### Information supplied
※ ※ ※

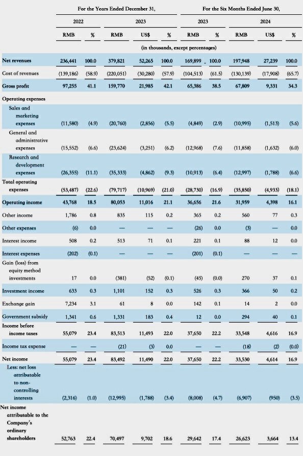 “此外,2022年和2023年以及截至2023年6月30日和2024年的六个月,我们的净收入分别为5510万元人民币和8350万元人民币(1180万美元)、4040万元人民币和3590万元人民币(490万美元)。”
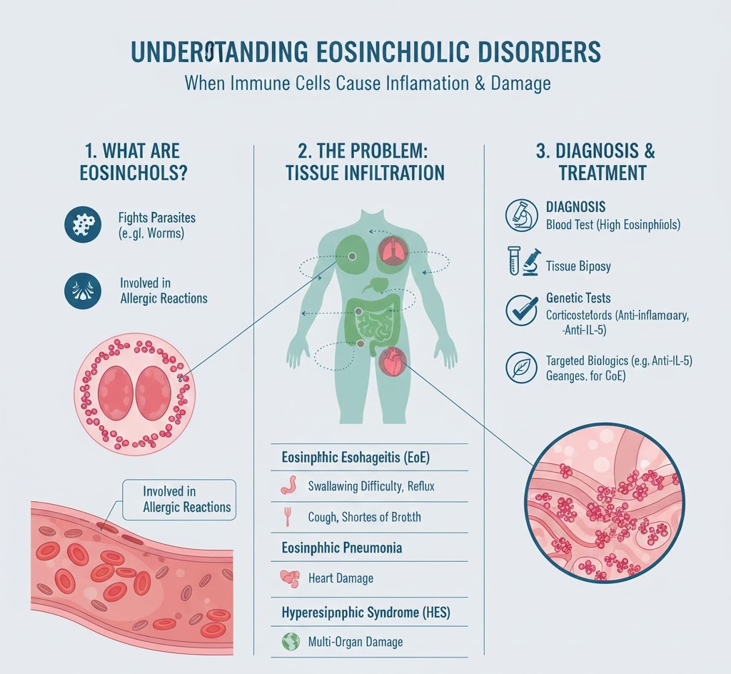 | Hypereosinophilic Syndrome (HES) | Multiple Organs | Persistent high levels that damage the heart, skin, or nervous system. |
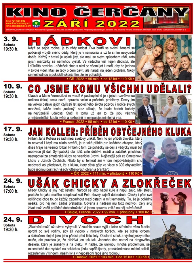 V příloze naleznete program kina v Čerčanech na září. Přijďte se podívat na zajímavé filmy a podpořit naše lokální kino.
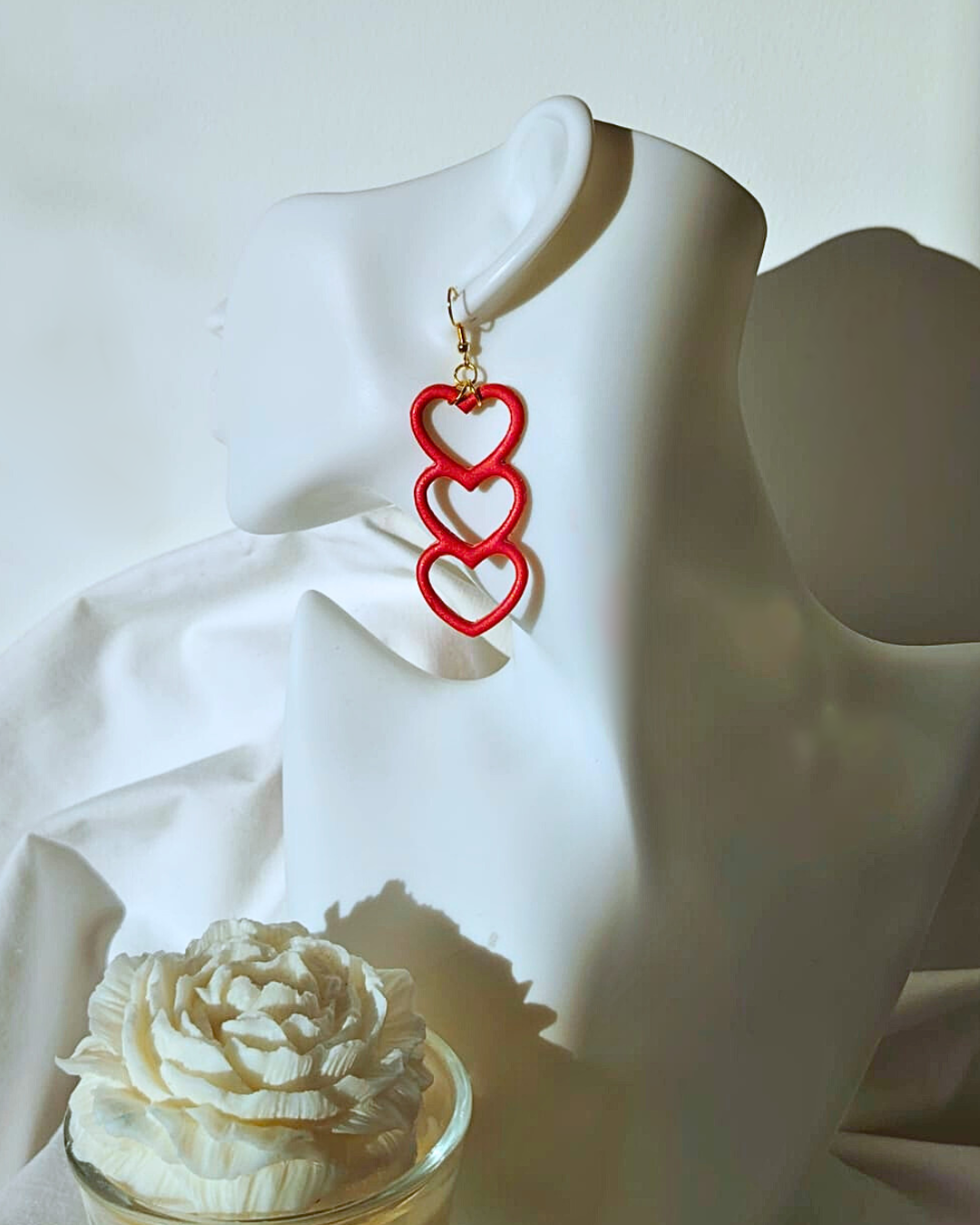 The earrings are made from polymer clay, a lightweight and durable material shaped by hand and oven-baked for longevity. Shiny parts are coated with UV resin for extra shine and protection, while matte finishes use a clay-specific coating.

※ ※ ※

### Your goal
All of the data should be returned word for word, with each picture left out.

### Written answer
 “此外,2022年和2023年以及截至2023年6月30日和2024年的六个月,我们的净收入分别为5510万元人民币和8350万元人民币(1180万美元)、4040万元人民币和3590万元人民币(490万美元)。”
 | Hypereosinophilic Syndrome (HES) | Multiple Organs | Persistent high levels that damage the heart, skin, or nervous system. |
 V příloze naleznete program kina v Čerčanech na září. Přijďte se podívat na zajímavé filmy a podpořit naše lokální kino.
 The earrings are made from polymer clay, a lightweight and durable material shaped by hand and oven-baked for longevity. Shiny parts are coated with UV resin for extra shine and protection, while matte finishes use a clay-specific coating.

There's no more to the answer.